(Collection entries)
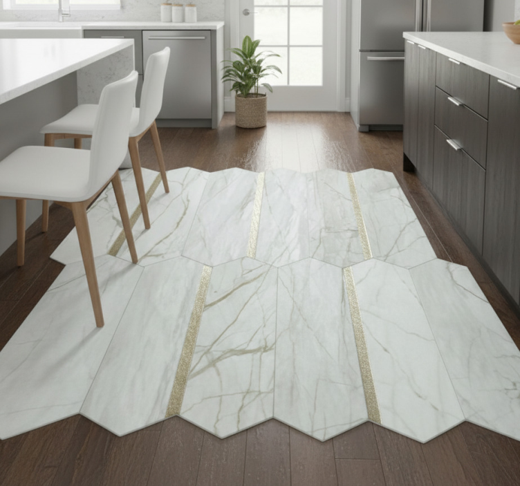 该设计采用几何图案,由延伸的六边形形状组成,呈现出淡雅的大理石色调。细腻的纹理在不同深浅的灰色和奶油色之间交织,营造出层次感,而细薄的金色条纹则交错于形状之间,为设计增添了一丝优雅,提升了整体视觉吸引力。
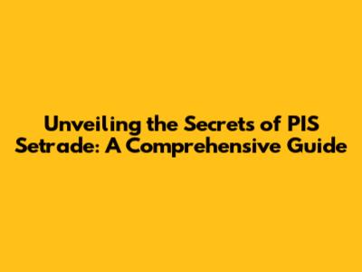 Unveiling the Secrets of PIS Setrade: A Comprehensive Guide
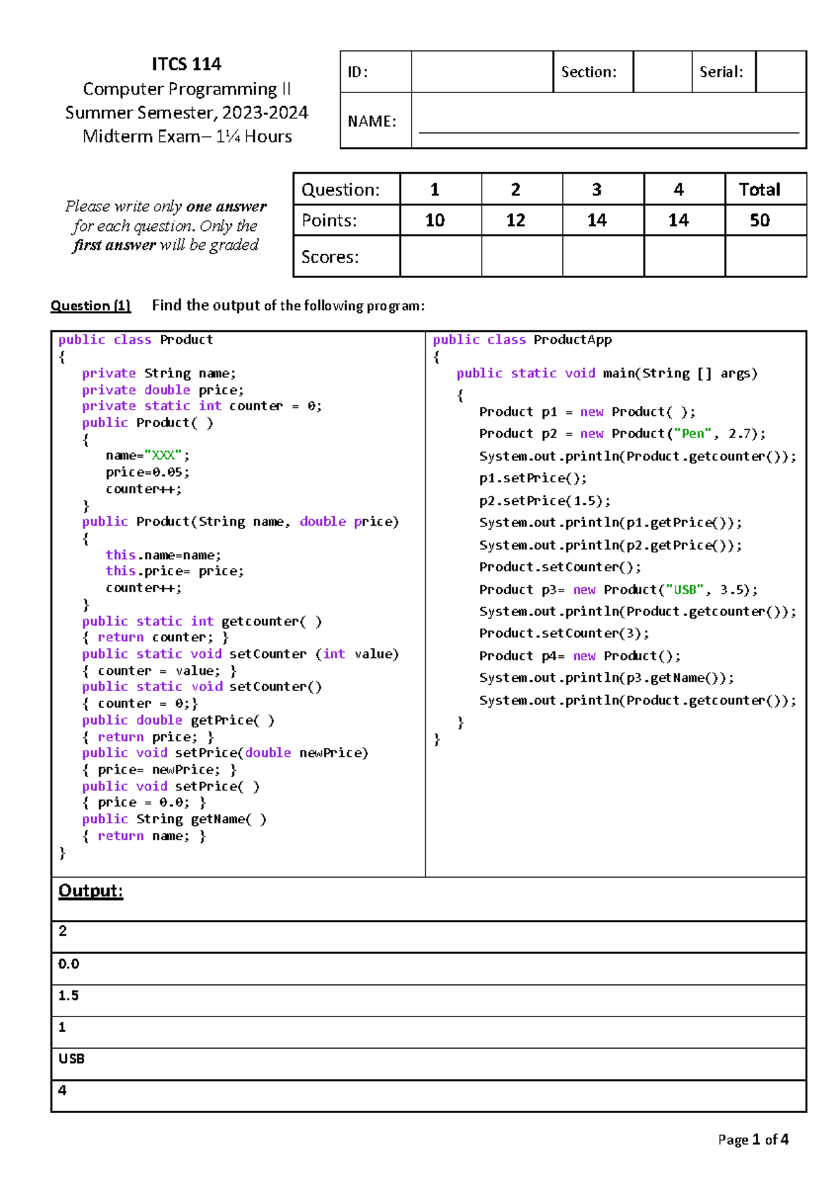 ITCS 114 Computer Programming II Midterm Exam Summer 2023 - Studocu
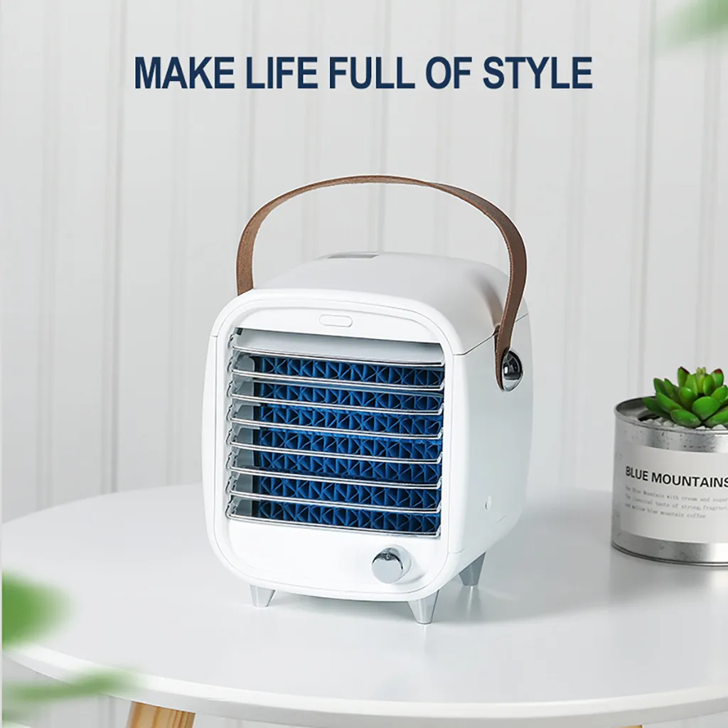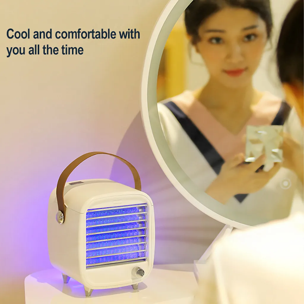 Портативный светодиодный кондиционер, маленький настольный вентилятор охлаждения USB, встроенный контейнер для льдаОсобенности:
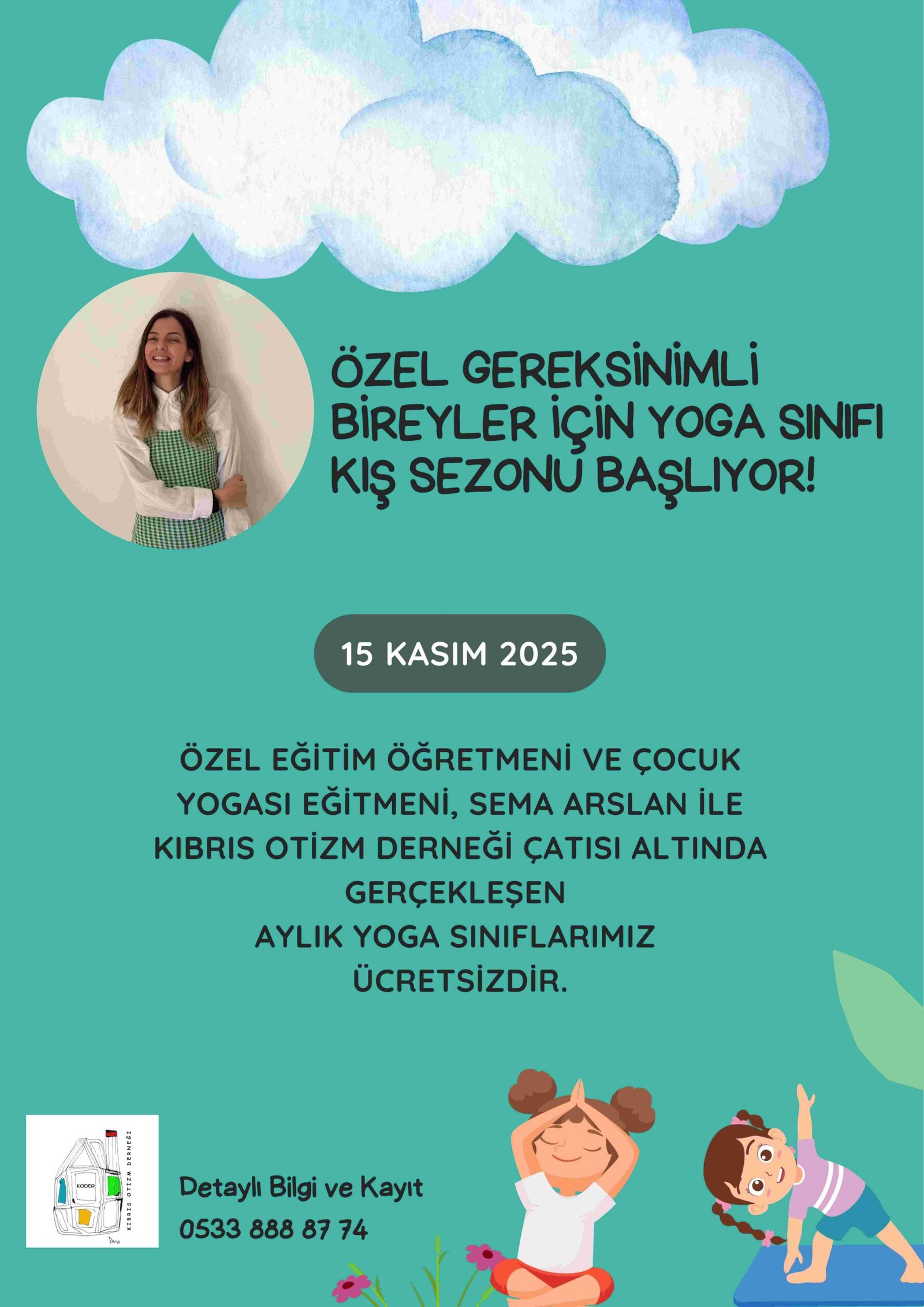 Kıbrıs Otizm Derneği tarafından özel gereksinimli bireylere yönelik düzenlenen ücretsiz yoga kursları cumartesi günü başlayacak.
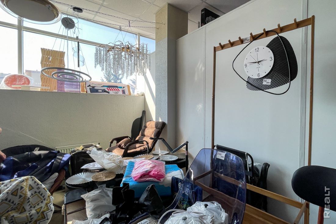 Здесь же, во втором павильоне, можно найти барный стул за 200 рублей, компьютерное кресло за 450 рублей, кресло интерьерное за 350 рублей, а складной диван — за 250. Еще есть люстры — от 150 до 250 рублей. Барный стол можно купить за 300 рублей. Правда, товары в основном единичные.
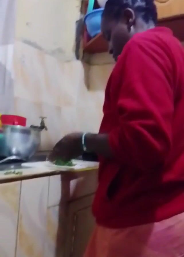 A person in a red sweater and pink shoes stands in a small kitchen. They are at a countertop with a green bowl, and a metal bowl with red lid on it. The person is washing something under the faucet. To the right of the countertop, there is a red gas stove where a pan with cooked food is sitting, and a wooden spoon is resting on the pan. There are two metal tanks of cooking gas on the floor, as well as a green plastic bag and bottles of soda. The walls are painted white with tan and orange tiles.
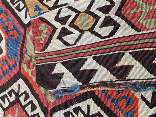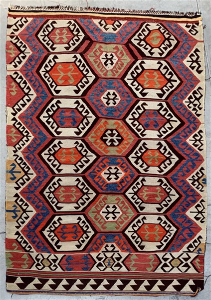 Tappeto KIlim, Anatolia, Secolo XX. Decoro Memling Gül (Difetti) (cm 189x131)
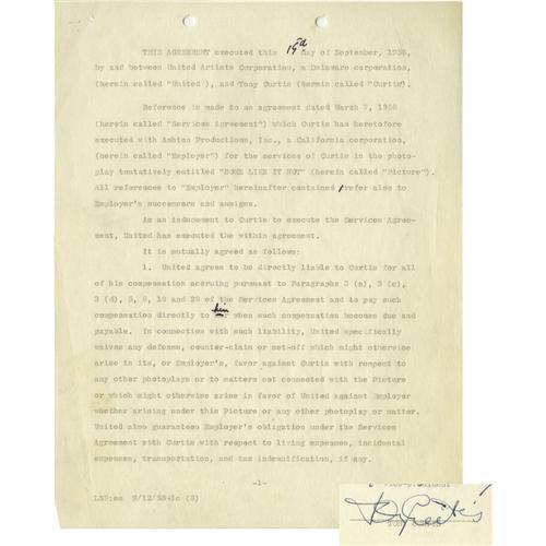 <B>Tony Curtis Signed "Some Like It Hot" Contract.</B></I> A four page contract dated September 19, 1958, regarding Curtis' appearance in the classic comedy. A highlight of Curtis' career, it's also ranked #1 on the AFI's list of greatest comedies and #14 on their list of greatest American films. In Very Fine condition with mild overall tanning and staple and binder holes to the top edge. <I>Accompanied by LOA from PSA/DNA.</B></I><BR><BR><b>Shipping:</b> Small Flat (<a target="_blank" href="http://www.heritageauctions.com/common/shipping.php">view shipping information</a>)

▸ **WORK TO COMPLETE**
Now transcribe the lines above exactly, starting at the line containing "ITCS 114 Computer" and ending at the line containing "Kıbrıs Otizm Derneği", both lines included, pictures excluded.

▸ **ANSWER FOR THE TASK**
 ITCS 114 Computer Programming II Midterm Exam Summer 2023 - Studocu
 Портативный светодиодный кондиционер, маленький настольный вентилятор охлаждения USB, встроенный контейнер для льдаОсобенности:
 Kıbrıs Otizm Derneği tarafından özel gereksinimli bireylere yönelik düzenlenen ücretsiz yoga kursları cumartesi günü başlayacak.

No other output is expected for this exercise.